Notice to or knowledge by the Sublessor of any act or omission by the Sublessee which is
or might be a breach by the Sublessee of any of the terms or conditions of this Sublease
to be performed by the Sublessee, and the acquiescence by the Sublessor in or to such act
or omission, shall neither be considered to relieve the Sublessee of any obligation
assumed by it under this paragraph nor be considered to be a waiver or release by the
Sublessor of any rights granted to it under this paragraph.
INSURANCE
11. Sublessee agrees to add the City of Evanston and Union Pacific Railroad as additional
insured on Sublessee's Commercial General Liability Policy with a minimum of one
million dollars in limits. Sublessee also agrees to show satisfactory evidence of property
insurance for the Subleased property. Within ten days after the execution of the Sublease,
Sublessee shall provide Sublessor in writing with the name, address, and telephone
number of Sublessee's contact with her insurance company. Sublessee shall promptly
notify Sublessor in writing of any changes to this information.

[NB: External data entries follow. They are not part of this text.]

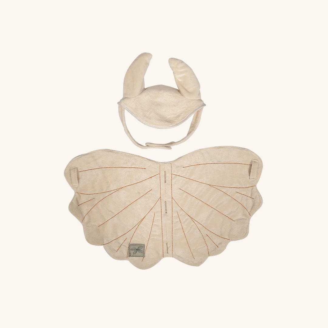 ByAstrup zadeldek en mutsje crème is gemaakt van een boterzachte, luxueuze stof, is het zadeldek voorzien van delicate koperkleurige stiksels die een vleugje warmte en verfijnde details toevoegen. Deze prachtige accenten vormen een opvallend contrast met de zachte crèmekleur, waardoor het zadeldek verandert in een prachtig statement piece dat doet denken aan de delicate schoonheid van vlindervleugels.
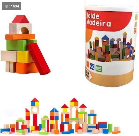 يحتوي على 100 مكعب خشبي لبناء وتركيب الأشكال.
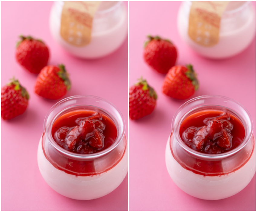 在布丁上方不只淋了濃郁的草莓果醬,也加了不少草莓果肉,草莓控不可錯過的一道甜品。價格420日幣,含稅。
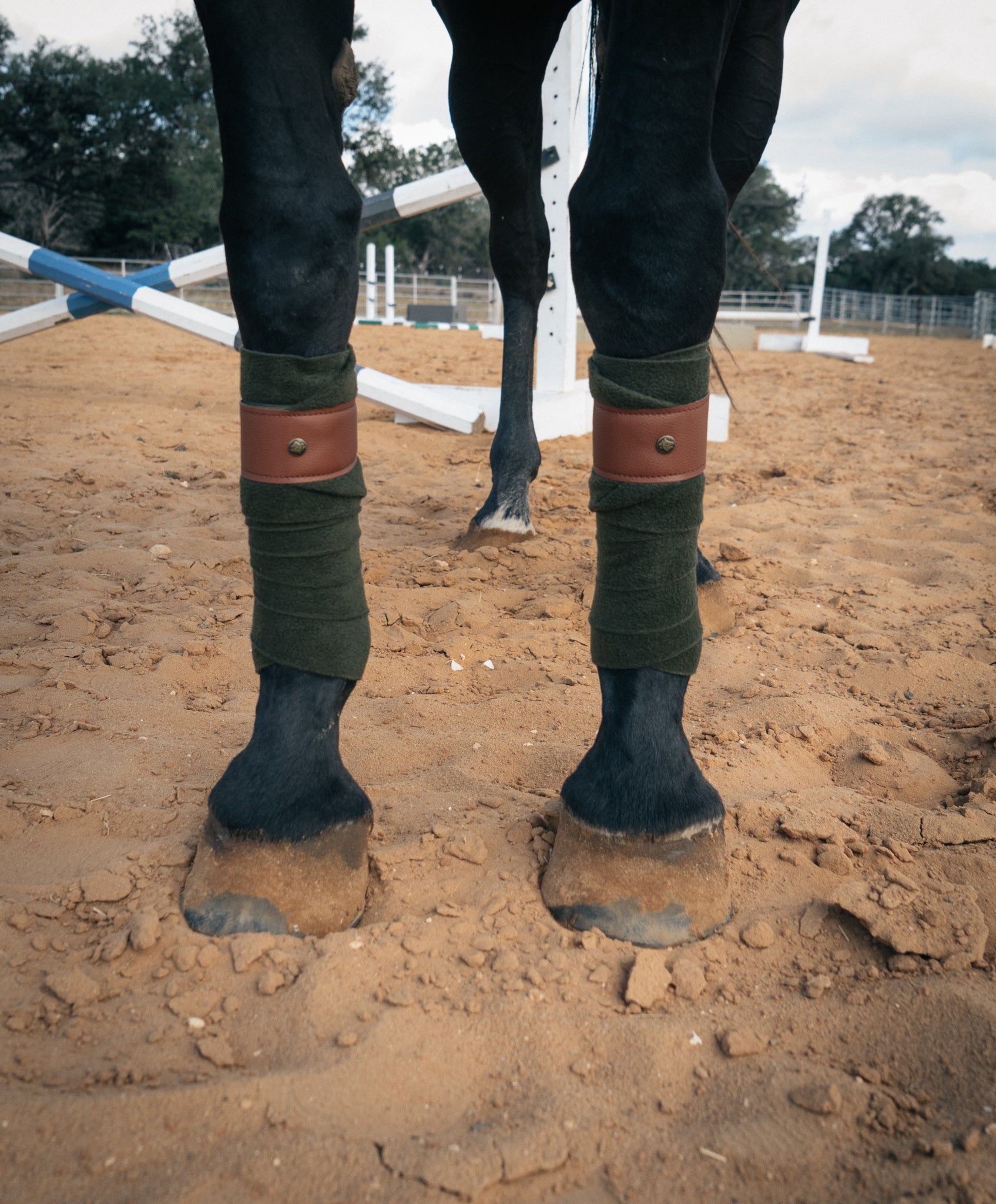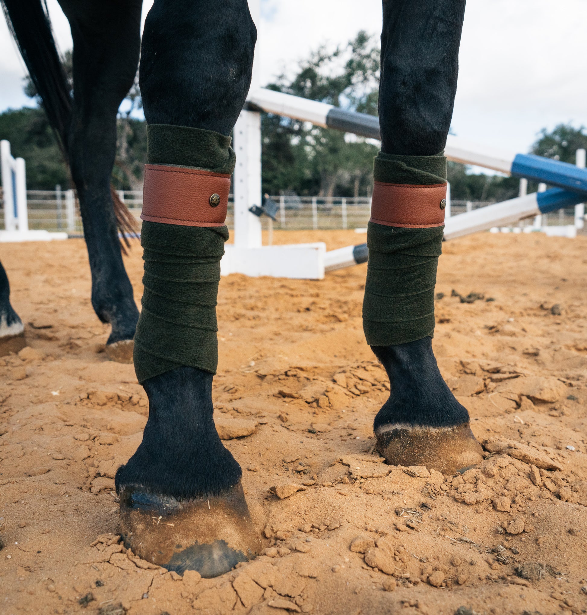Dark olive green with cognac leatherette trim. Match or coordinate with the range of 16C saddle pads. Set of 4, soft medium weight polar fleece polos. Finished with 2" hook & loop and durable leatherette trim. 4.5" wide X 9 ft.
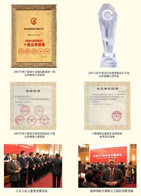 燦文建築設計有限公司於2008年1月9日在北京人民大會堂,榮獲“2007年度中國境外建築規劃設計十強品牌機構”大獎,並獲中國建築規劃設計行業年會組委會頒授榮譽證書、獎牌及獎盃。
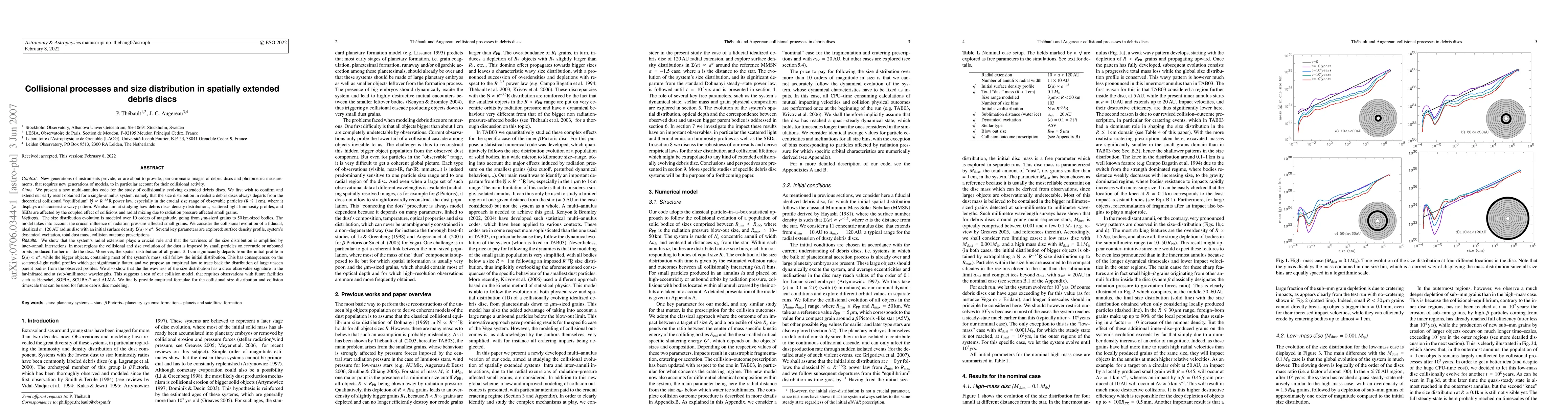 The development and application of a multi-annulus code capable of modeling the collisional evolution of spatially extended debris discs, taking into account the crucial effects of radiation pressure-affected small grains and radial mixing.
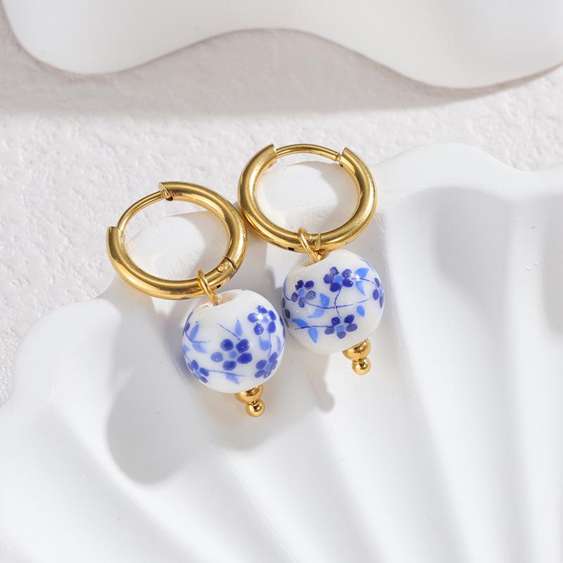 Серьги-сердечки из сине-белого фарфора - Нержавеющая сталь, Серия высококачественной керамики
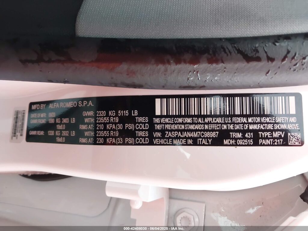 This 2021 Alfa Romeo Stelvio (White) comes from a major insurance auction in the USA or Canada. All information on this page is linked to the vehicle’s VIN (ZASPAJAN4M7C98987), which helps confirm where the car was listed and what condition it was in at the time of sale.
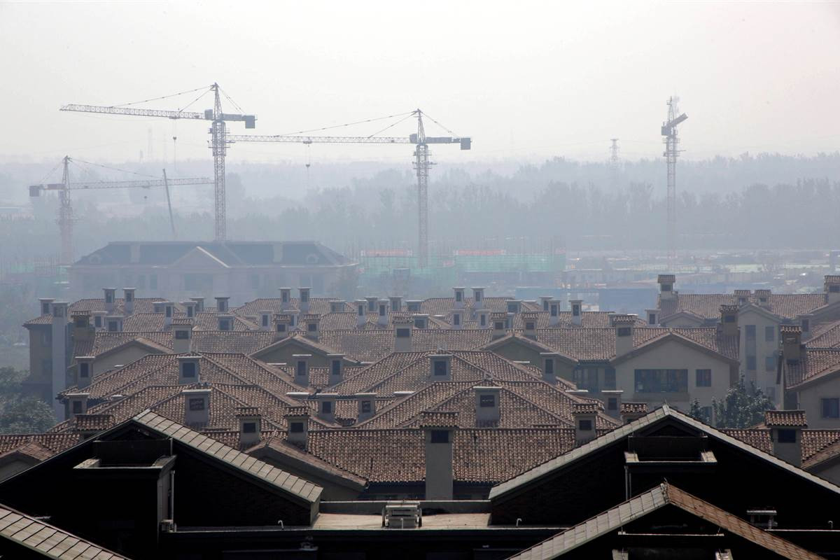 Cần cẩu chi chít đằng sau những căn hộ mới xây ở Thiên Tân, Trung Quốc.

Sublessee agrees to insure property for replacement cost with agreed amount
endorsement. The City is to receive 30 days' advance notice of cancellation or
modification of the policy.
NO SUBROGATION
12. Sublessee agrees to have all insurance policies issued to or for or upon Sublessee's
account, covering any injuries to persons or any loss or damage to property, so written
that the insured shall have no claim or recourse of any kind whatsoever against Sublessor
or the Premises.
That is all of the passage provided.